Semakin banyak ia belajar, semakin ia jatuh cinta pada keindahan tembikar Van Son yang sederhana dan alami—di mana setiap produknya membawa napas bumi, jejak api, dan keindahan keacakan. Dari hasrat itu, ia berusaha untuk menghembuskan lebih banyak "jiwa kontemporer" ke dalam setiap produknya, sehingga setiap karya tak hanya indah, tetapi juga menceritakan kisahnya sendiri.
"Selain keindahan alami yang dihadirkan oleh proses pembakaran, saya sering mendesain setiap produk secara individual sesuai dengan acara atau temanya. Saya melihatnya sebagai cara bagi tembikar Van Son untuk menceritakan kisahnya sendiri," ujar Ibu Van.
Metode ini membantu tembikar Van Son mempertahankan keindahan tradisionalnya sekaligus memenuhi kebutuhan modern—tahan lama, minimalis, dan sangat aplikatif dalam arsitektur. Bagi Ibu Van, ini bukan hanya arah pengembangan produk, tetapi juga cara melestarikan kerajinan dengan bahasa kreatif zamannya.

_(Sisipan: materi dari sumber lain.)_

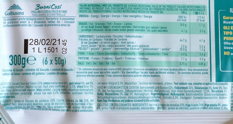 Barcode EAN:   8002190001807 Energy kcal/100g:   432 Satured Fat (per 100g)g:   4.1 Sugar into Carbohydrates (per 100g)g:   2.5 Proteines (per 100g)g:   7.7 Calcium CA/ mg (per 100g)g:   Gluten:   Production type:   Made in:   Italy Price €:   Bought here:   Last update:   2020-07-04 10:19:40 | Brand:   Fat (per 100g)g:   18 Carbohydrates (per 100g)g:   64.7 Fiber (per 100g)g:   6 Salt - Sodium (per 100g)g:   0.75 Ingredients (Indicative):   |
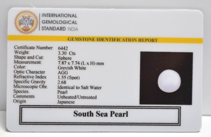 Certified South Sea Pearl 3.3 Ct.(3+ Ratti) in Sphere shape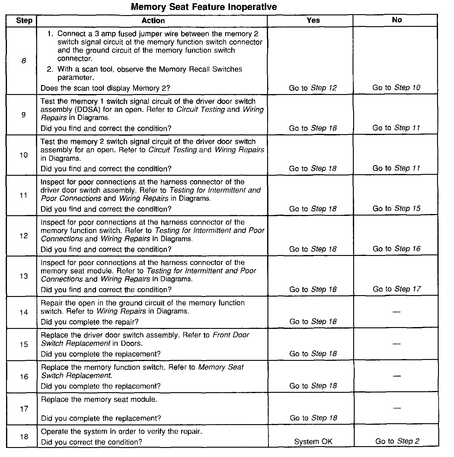 Memory Seat Feature Inoperative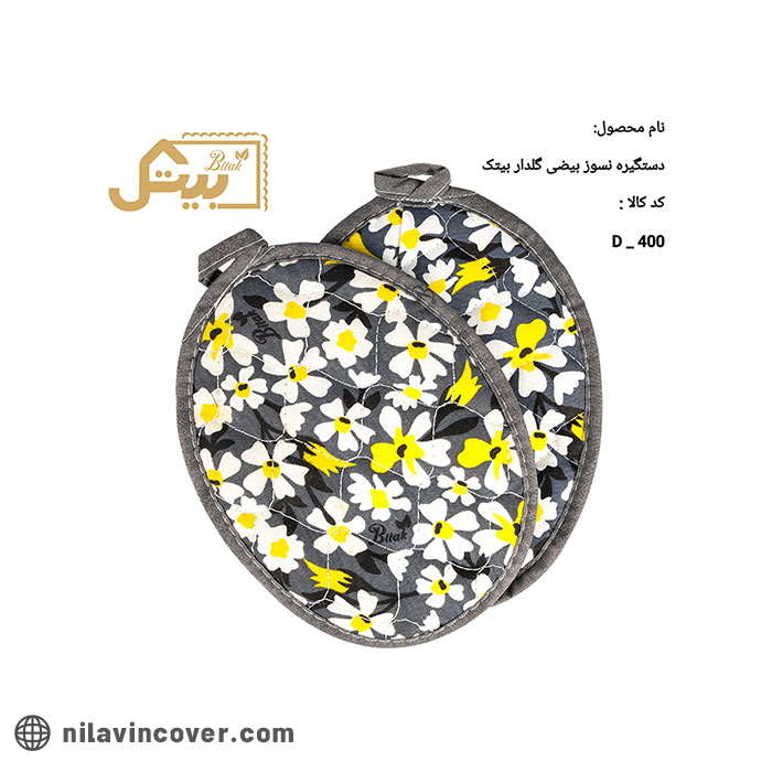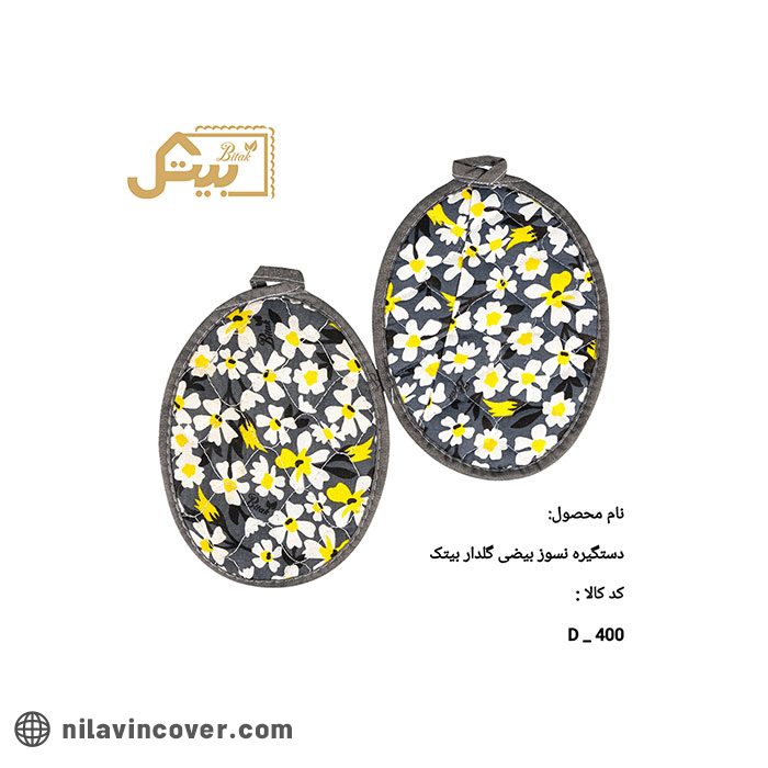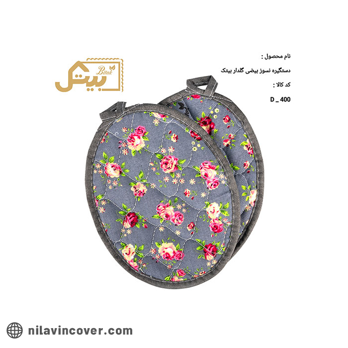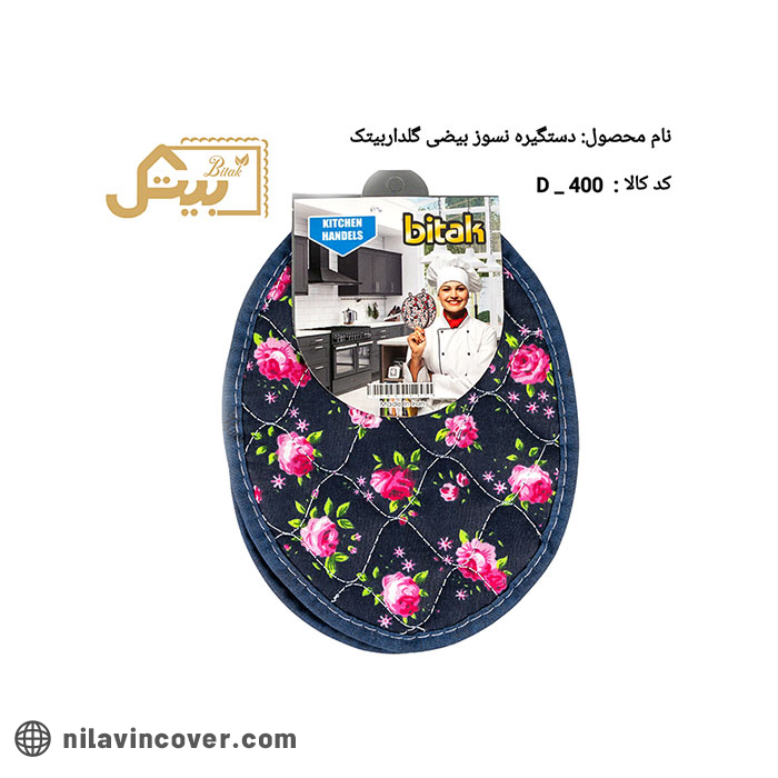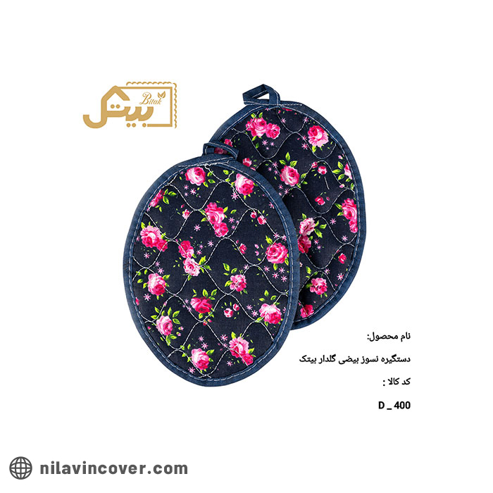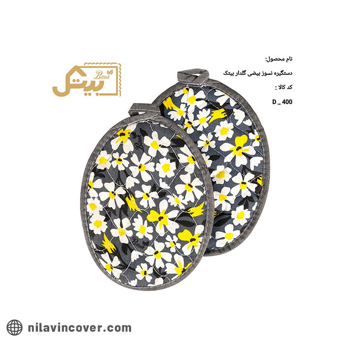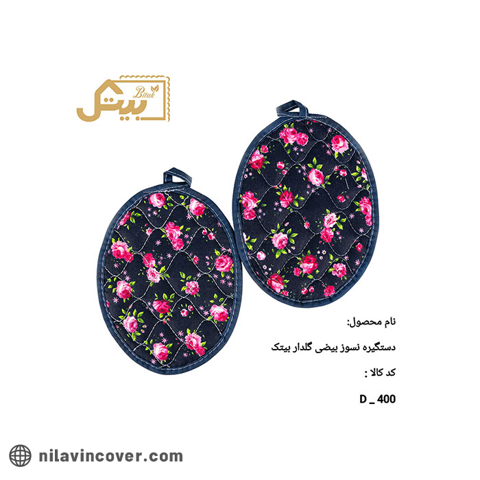 دستگیره نسوز بیضی گلدار، انتخابی هوشمندانه برای هر آشپزخانه است. این محصول از پارچه‌ای ضخیم با درصد بالای نخ و مقدار کم پلی‌استر تولید شده که باعث می‌شود حرارت به سرعت به دست منتقل نشود، ایمنی شما را هنگام جابجایی ظروف داغ تضمین می‌کند.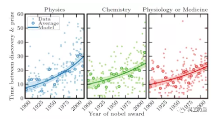從數據上,我們也能明顯地看到這一點。通過對諾貝爾獎得主做出突破性成果到獲獎的時間進行迴歸分析,這一時間逐漸越來越長,但是增長速度低於諾獎得主年齡的增長。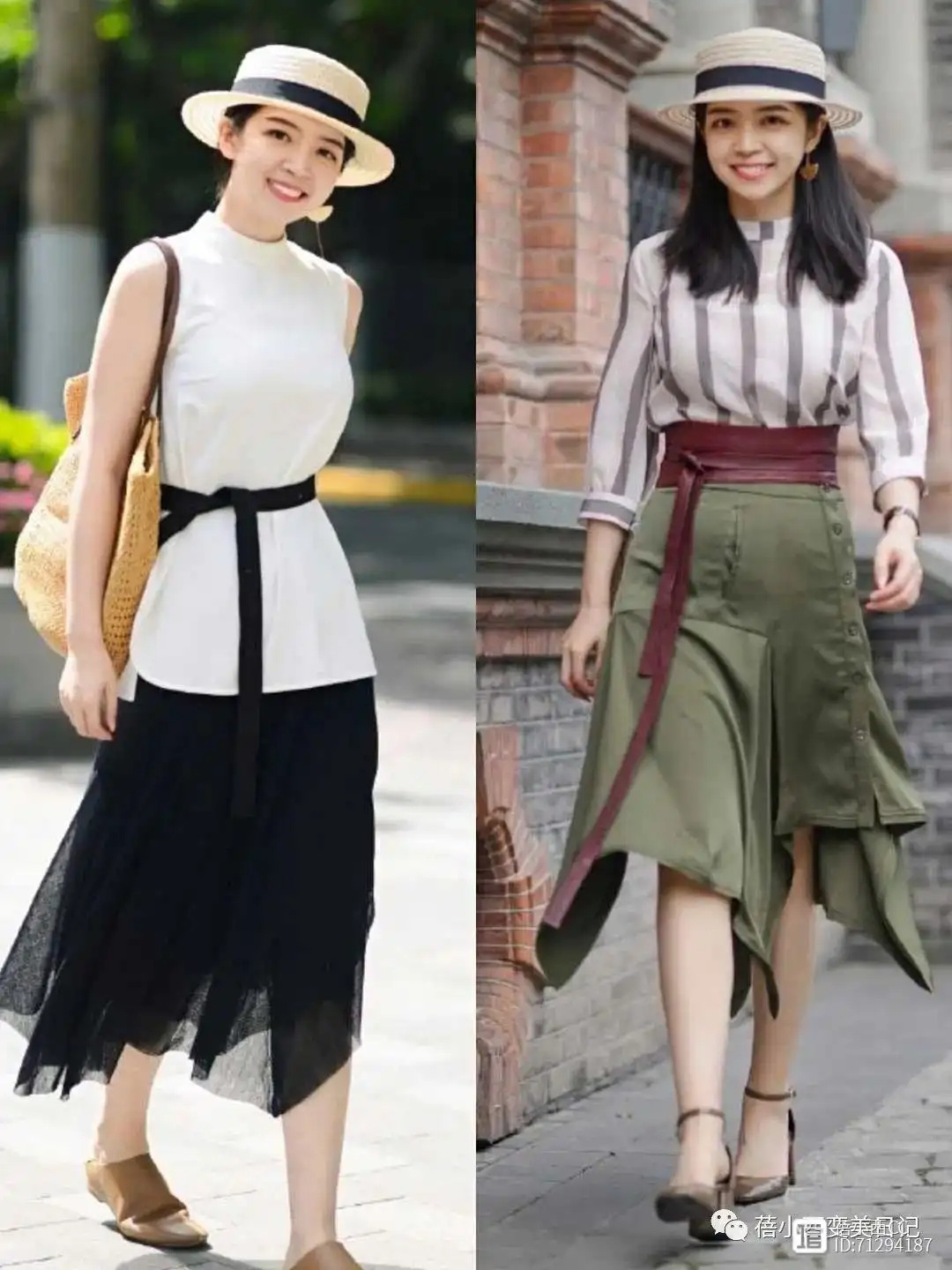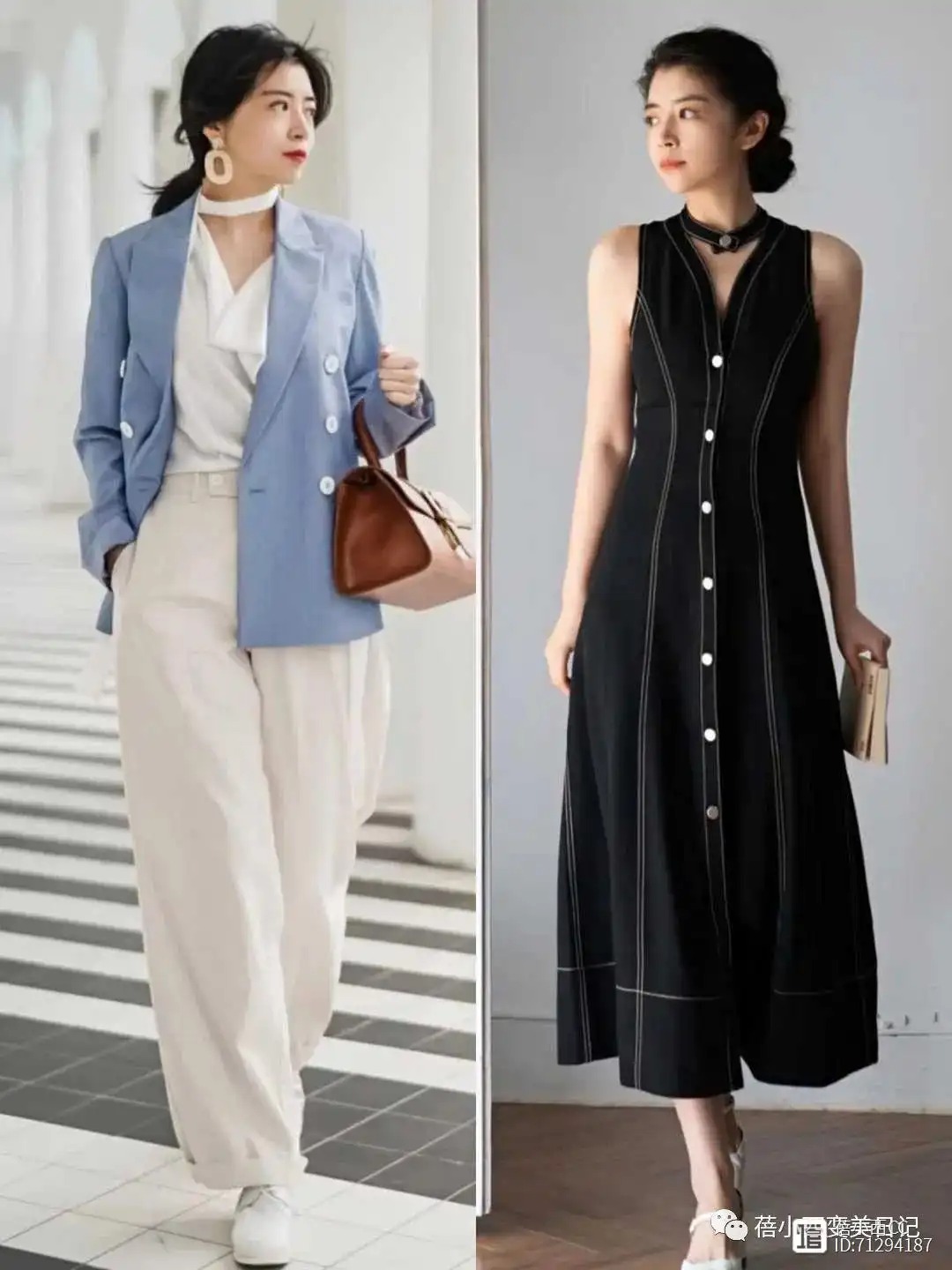 这些博主们不管是在穿连衣裙还是在穿西装外套时,都会懂得通过露肤来体现个人的身材,比如我们在穿西装的时候,里面可以去搭配一些低领的服饰,将颈部的线条露出来非常显瘦,穿连衣裙的时候也可以考虑无袖的设计,修饰手臂线条,更显轻盈感。而且在春夏你也可以尝试露脚踝,比较保险,就算微胖也可以尝试。

Sebagaimana orang Jepang menemukan keindahan dalam kesederhanaan melalui filosofi Wabi-Sabi, tembikar Van Son karya Ms. Van juga membawa semangat tersebut—mentah, unik, dan alami. Setiap produk merupakan perpaduan filosofi estetika dan napas kehidupan modern.
Saat ini, produk-produk Van Son Ceramics terutama diperkenalkan melalui pameran, ekshibisi, konferensi industri konstruksi, dan di kanal daring seperti Shopee, TikTok, atau siaran langsung yang menceritakan kisah-kisah desa kerajinan. Beberapa perusahaan konstruksi telah mulai memesan ubin keramik dekoratif untuk proyek mereka.
Namun, Ibu Van berkata: "Hal yang paling sulit adalah bagaimana membuat arsitek memahami dan menerapkan jiwa pedesaan ini pada keseluruhan ruang."
Lebih dari sekadar fasilitas produksi, ia berharap Van Son Pottery akan menjadi jembatan yang menghubungkan kerajinan lama dengan kehidupan masa kini. Ia juga berharap pemerintah daerah akan mendukung pembentukan koperasi di desa kerajinan tersebut untuk menghimpun para perajin, menciptakan suara bersama, dan menjadikan Van Son Pottery sebagai destinasi budaya dan wisata di masa mendatang.
Bagi Ibu Van, masa depan desa kerajinan tidak hanya terletak pada tungku pembakaran, tetapi juga pada cara setiap produk diceritakan sebagai kisah budaya yang hidup.